[Data shown]
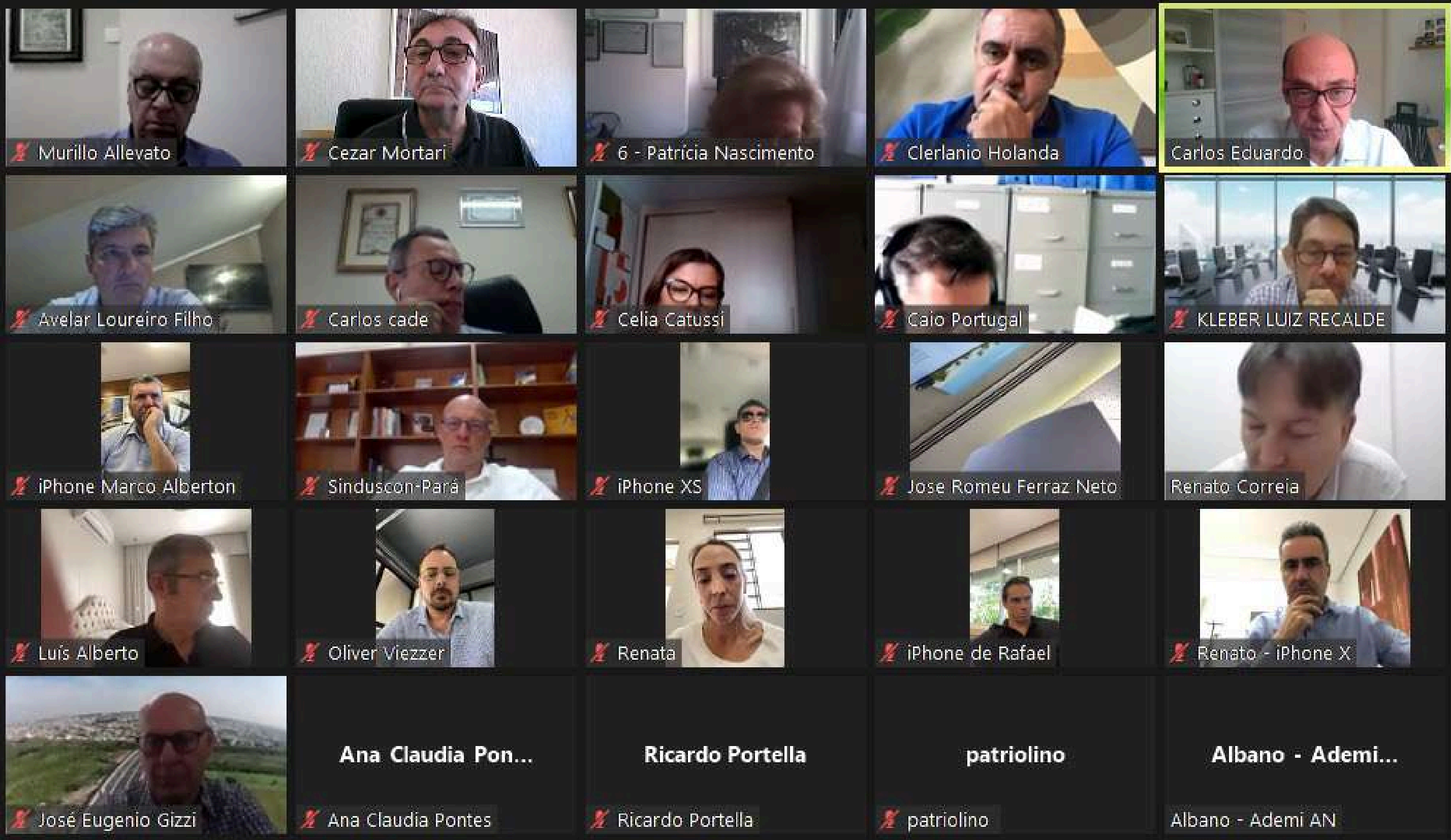
Reunião online alinhou expectativas e agenda dos principais diretores da nova diretoria da CBIC
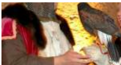
FAUCONNIER MAITRE DES RAPACES
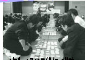
1年生 1月19日(金)5・6校時
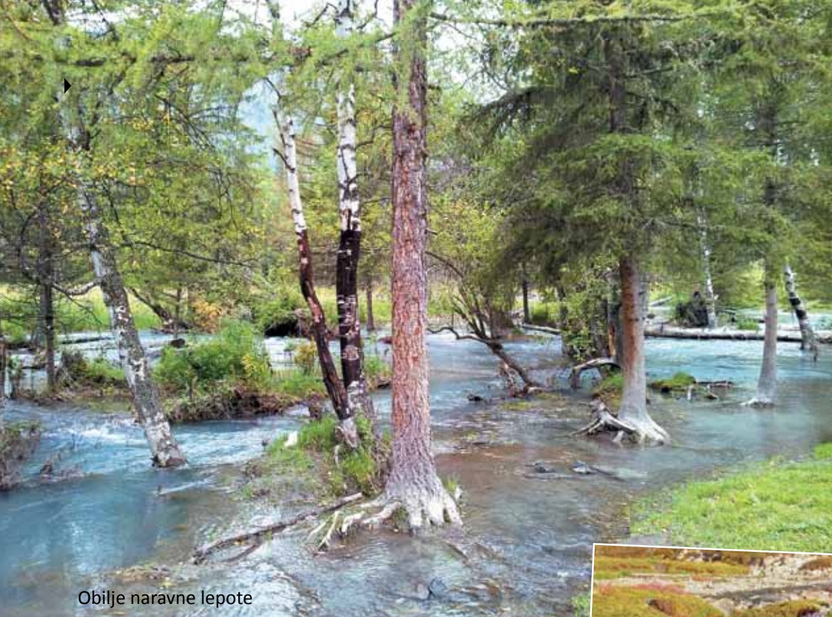
Obilje naravne lepote
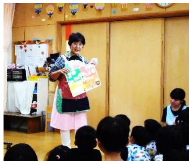
保育園での食育活動

食生活改善推進協議会は食に関する健康づくりボランティアです。「男の料理教室」をはじめ郷土料理の普及や食育活動、小学校の入学式の折、昔からの慣習で「豆のように丸く優しく育ててほしい」という願いを込めて豆菓子を贈っています。
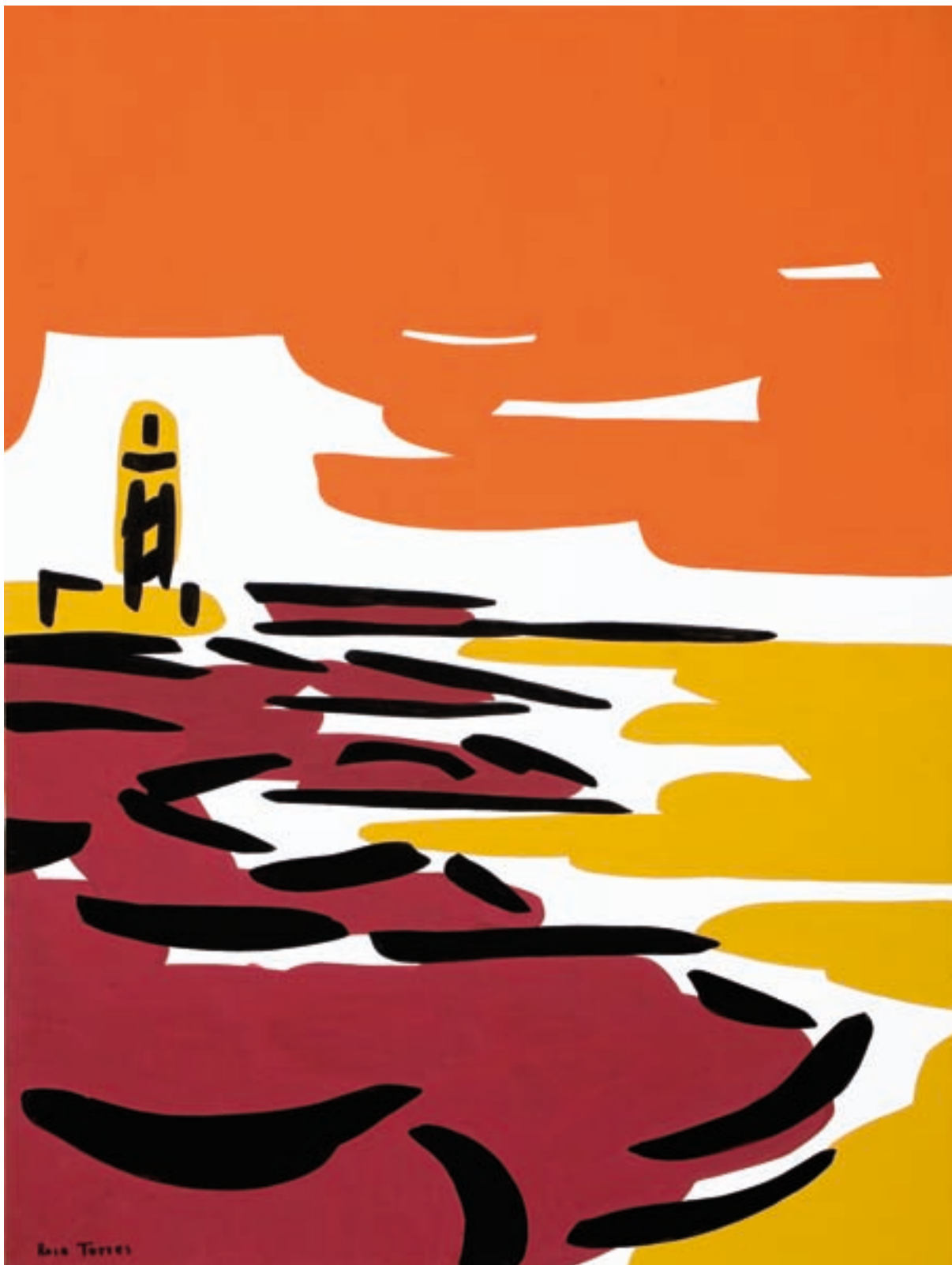
Rosa Torres. Cap de Favàritx , 2008. Acrílic sobre cartró, 50 x 70 cm.
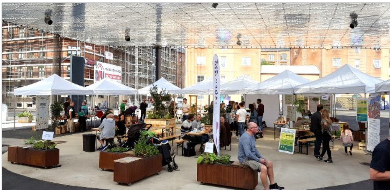
Lokal Mad på Musiktorvet 2017

Med projektområdet vil der også være fokus på den spiselige vilde natur på Amager. Der vil blive afholdt praktiske og netværksskabende aktiviteter hele året rundt. Således vil der i 2018 blive arrangeret ture til bl.a. Amager Fælled, Kalvebod Fælled, Kløvermarken, Amager Strand med fokus på Amagers vildtlevende spiselige planter og urter.
[/Data shown]
* **Description of the task**:
Each line from the first line of the data above through the one containing "食生活改善推進協議会は食に関" must be set down exactly; the pictures must not be.

* **Task answer**:
Reunião online alinhou expectativas e agenda dos principais diretores da nova diretoria da CBIC
FAUCONNIER MAITRE DES RAPACES
1年生 1月19日(金)5・6校時
Obilje naravne lepote
保育園での食育活動

食生活改善推進協議会は食に関する健康づくりボランティアです。「男の料理教室」をはじめ郷土料理の普及や食育活動、小学校の入学式の折、昔からの慣習で「豆のように丸く優しく育ててほしい」という願いを込めて豆菓子を贈っています。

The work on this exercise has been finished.